-------- Extracted records

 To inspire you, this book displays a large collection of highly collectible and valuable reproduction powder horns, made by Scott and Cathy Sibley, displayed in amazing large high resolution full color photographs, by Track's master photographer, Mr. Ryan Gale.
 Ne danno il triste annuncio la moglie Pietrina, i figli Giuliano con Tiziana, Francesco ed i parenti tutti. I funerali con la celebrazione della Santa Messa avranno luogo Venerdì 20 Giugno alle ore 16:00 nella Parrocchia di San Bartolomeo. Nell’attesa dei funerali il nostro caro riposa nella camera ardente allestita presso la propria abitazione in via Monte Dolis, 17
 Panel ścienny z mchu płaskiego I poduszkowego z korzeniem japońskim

----------------
-------- Extracted records

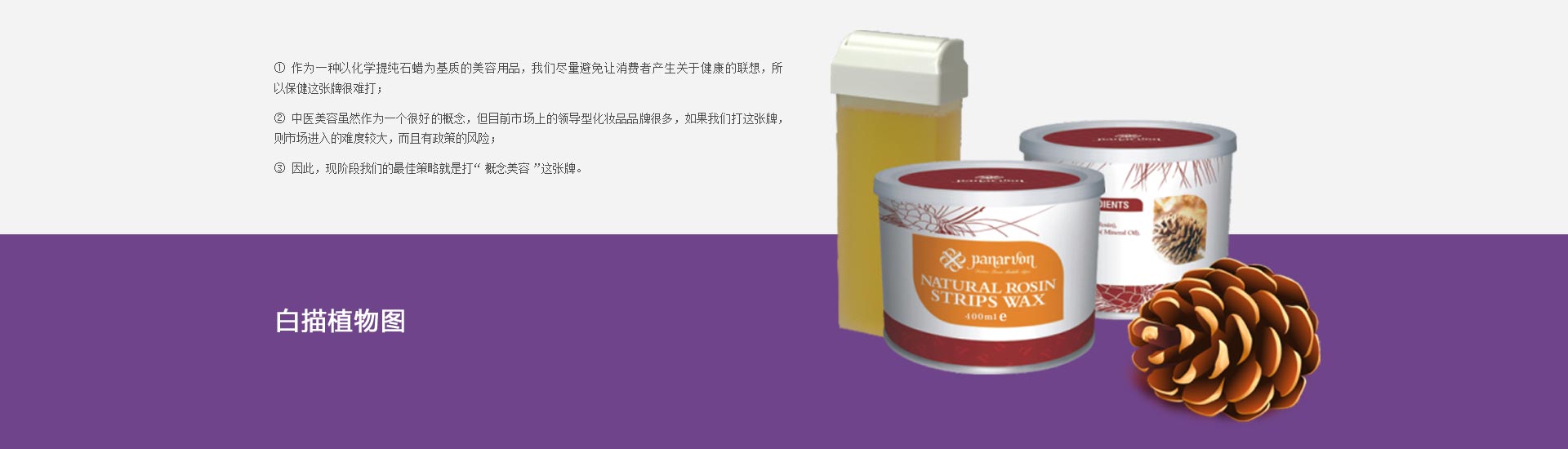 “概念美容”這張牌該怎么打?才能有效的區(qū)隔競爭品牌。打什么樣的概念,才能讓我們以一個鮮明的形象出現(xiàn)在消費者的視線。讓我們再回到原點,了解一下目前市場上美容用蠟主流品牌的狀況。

----------------
-------- Extracted records

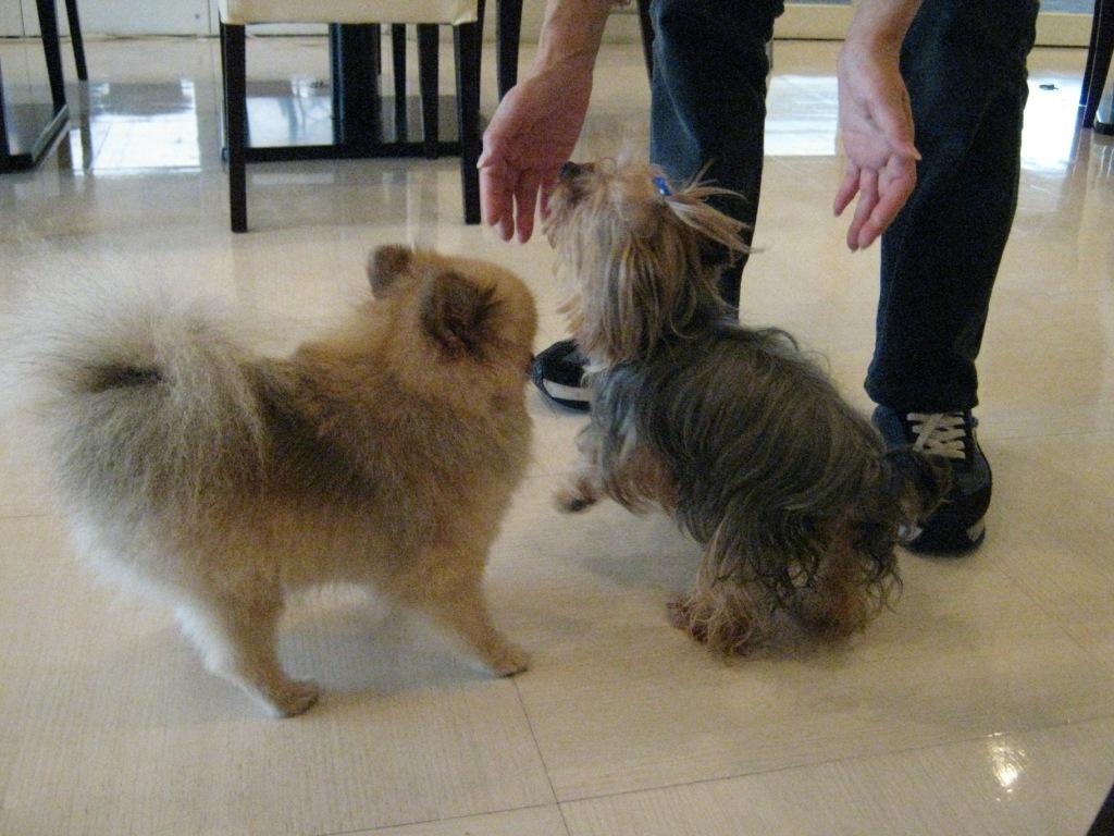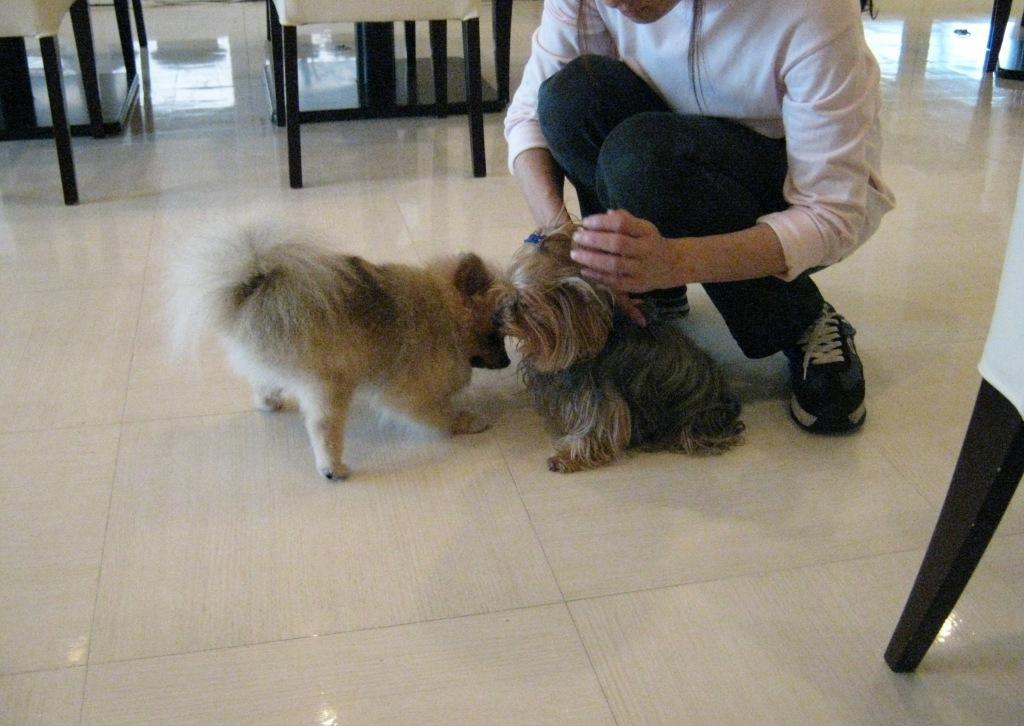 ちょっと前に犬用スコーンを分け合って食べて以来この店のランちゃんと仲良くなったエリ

----------------

Task brief -> Using only the entries above, output the line with "To inspire you, this", the line with "Ne danno il", and all lines between them, exactly as they stand.

Answer to this task ->
 To inspire you, this book displays a large collection of highly collectible and valuable reproduction powder horns, made by Scott and Cathy Sibley, displayed in amazing large high resolution full color photographs, by Track's master photographer, Mr. Ryan Gale.
 Ne danno il triste annuncio la moglie Pietrina, i figli Giuliano con Tiziana, Francesco ed i parenti tutti. I funerali con la celebrazione della Santa Messa avranno luogo Venerdì 20 Giugno alle ore 16:00 nella Parrocchia di San Bartolomeo. Nell’attesa dei funerali il nostro caro riposa nella camera ardente allestita presso la propria abitazione in via Monte Dolis, 17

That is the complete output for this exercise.